• [Problem details]
Carry none of the pictures over; write out the complete data exactly.

• [Input data]

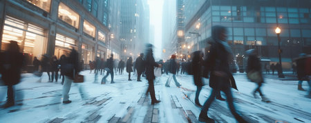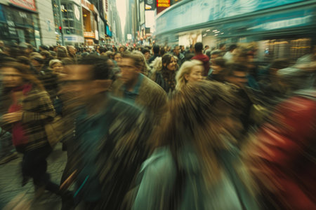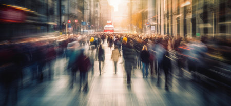 Many blurred people are quickly walking in different directions in a busy city business district during rush hour, creating a sense of urgency and stress
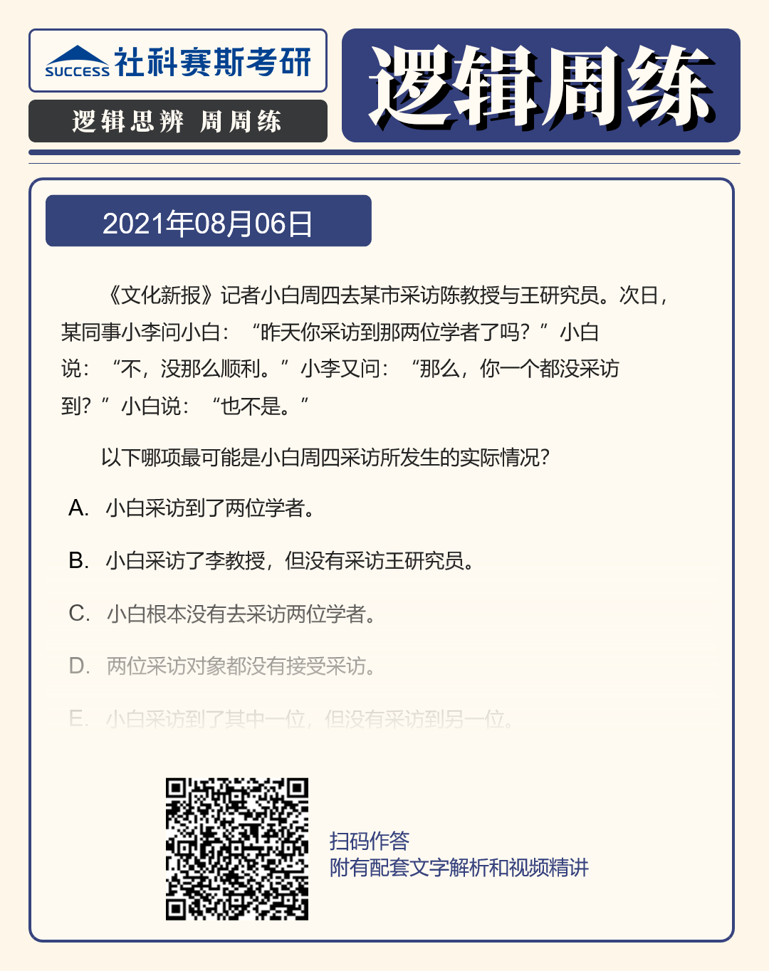 以上就是“2022MBA邏輯:2022MBA聯(lián)考邏輯習(xí)題及答案解析(8月6日)”的全部內(nèi)容,更多邏輯精選習(xí)題,請持續(xù)關(guān)注社科賽斯MBA備考網(wǎng)!
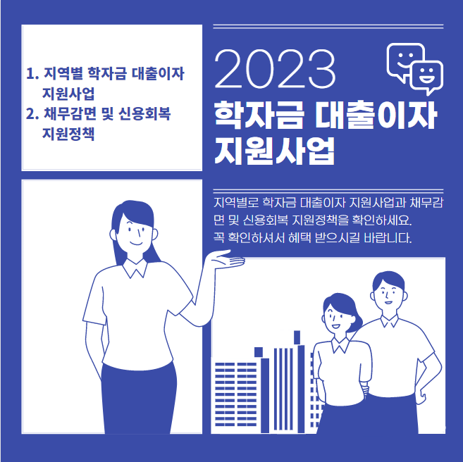 많은 지역에서 대학(원) 생의 학자금 대출상환에 부담을 덜어드리고자 대출 이자를 지원해 주거나 혹시라도 학자금 대출이 연체되어 신용이 떨어졌다면 신용 회복을 해주는 등 다양한 정책을 펼치고 있습니다. 모두 받고 있는 혜택인데 나만 못 받는 이 없도록 확인하시고 꼭 받으시길 바랍니다.
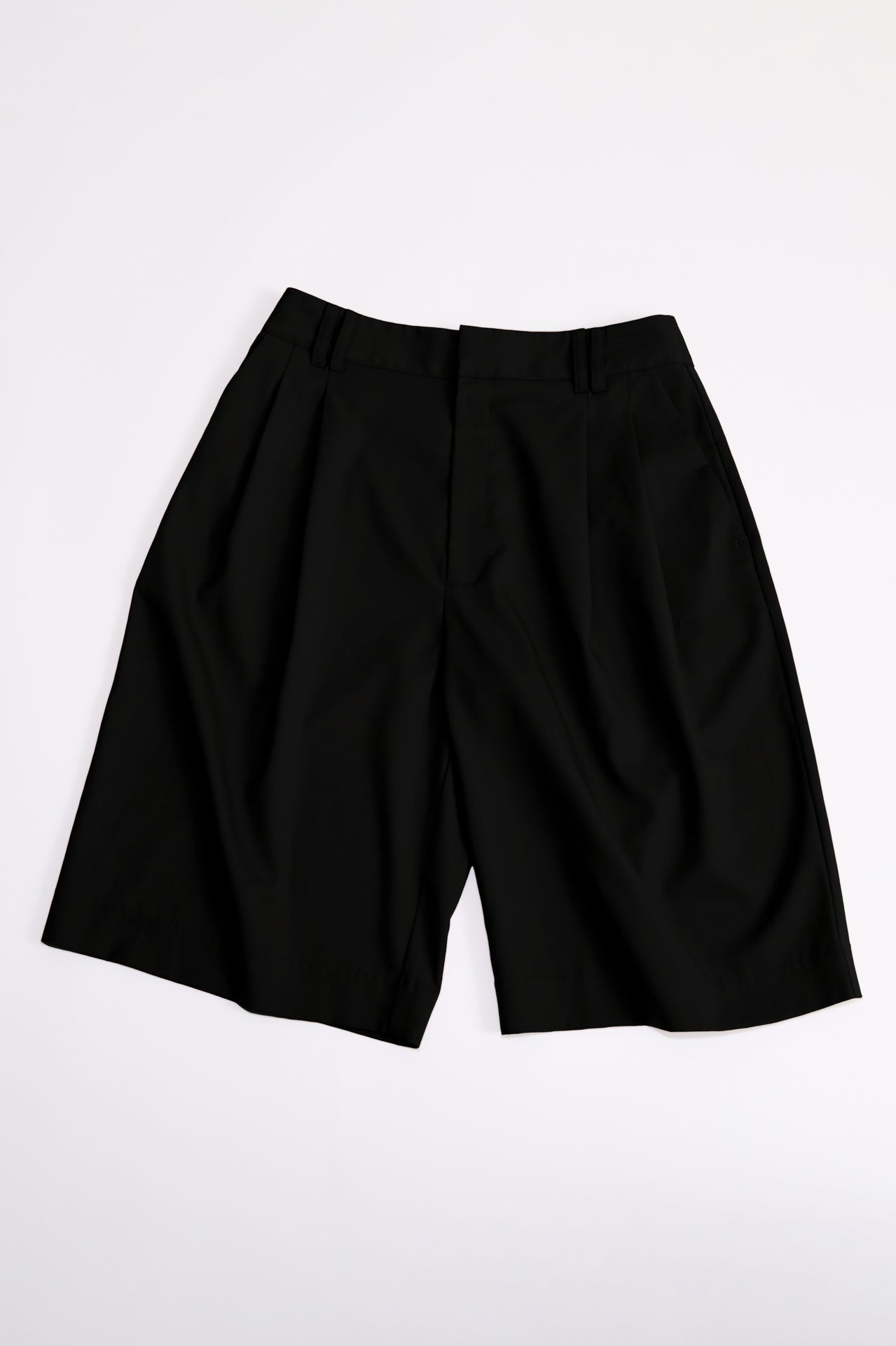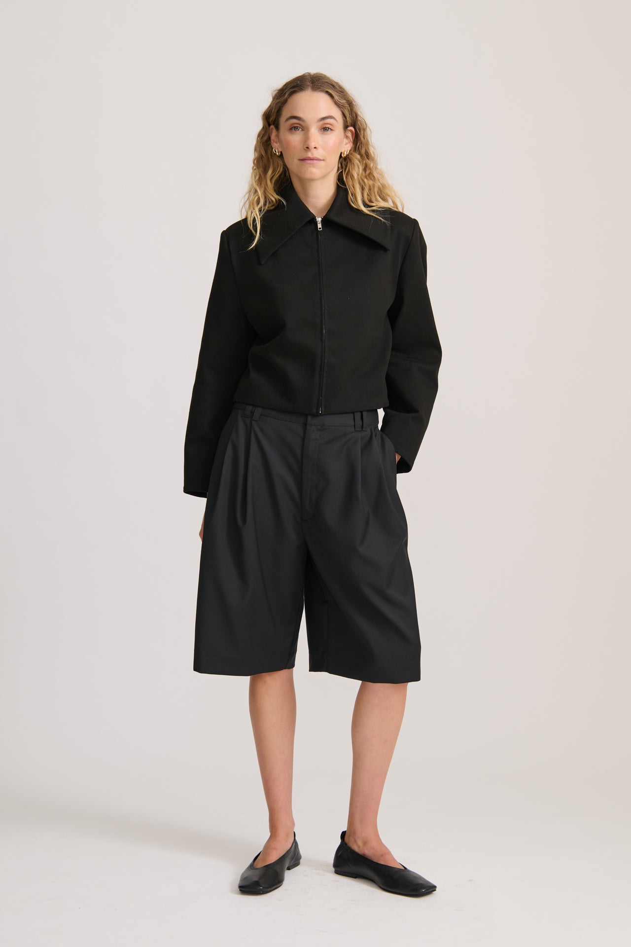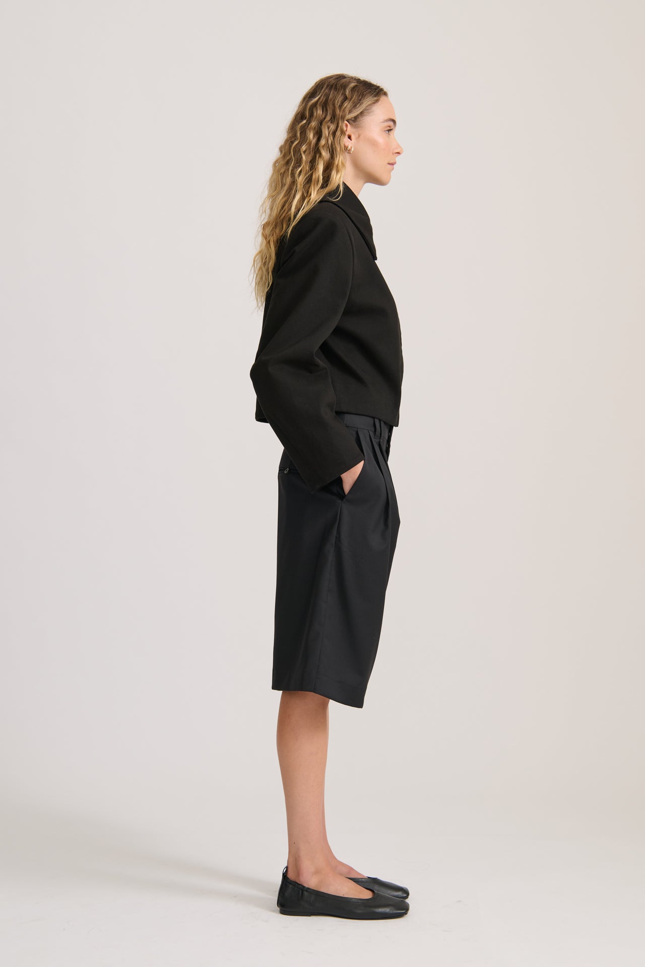 Tailored from a luxurious wool blend, the Bermuda Short in Black balances polished style with laidback appeal. Featuring front pleats to enhance the relaxed silhouette, these mid-rise shorts add a refined edge to summer outfitting. Wear yours with the  Sheer Shirt and Knit Bralette.

• [Task solution]
 Many blurred people are quickly walking in different directions in a busy city business district during rush hour, creating a sense of urgency and stress
 以上就是“2022MBA邏輯:2022MBA聯(lián)考邏輯習(xí)題及答案解析(8月6日)”的全部內(nèi)容,更多邏輯精選習(xí)題,請持續(xù)關(guān)注社科賽斯MBA備考網(wǎng)!
 많은 지역에서 대학(원) 생의 학자금 대출상환에 부담을 덜어드리고자 대출 이자를 지원해 주거나 혹시라도 학자금 대출이 연체되어 신용이 떨어졌다면 신용 회복을 해주는 등 다양한 정책을 펼치고 있습니다. 모두 받고 있는 혜택인데 나만 못 받는 이 없도록 확인하시고 꼭 받으시길 바랍니다.
 Tailored from a luxurious wool blend, the Bermuda Short in Black balances polished style with laidback appeal. Featuring front pleats to enhance the relaxed silhouette, these mid-rise shorts add a refined edge to summer outfitting. Wear yours with the  Sheer Shirt and Knit Bralette.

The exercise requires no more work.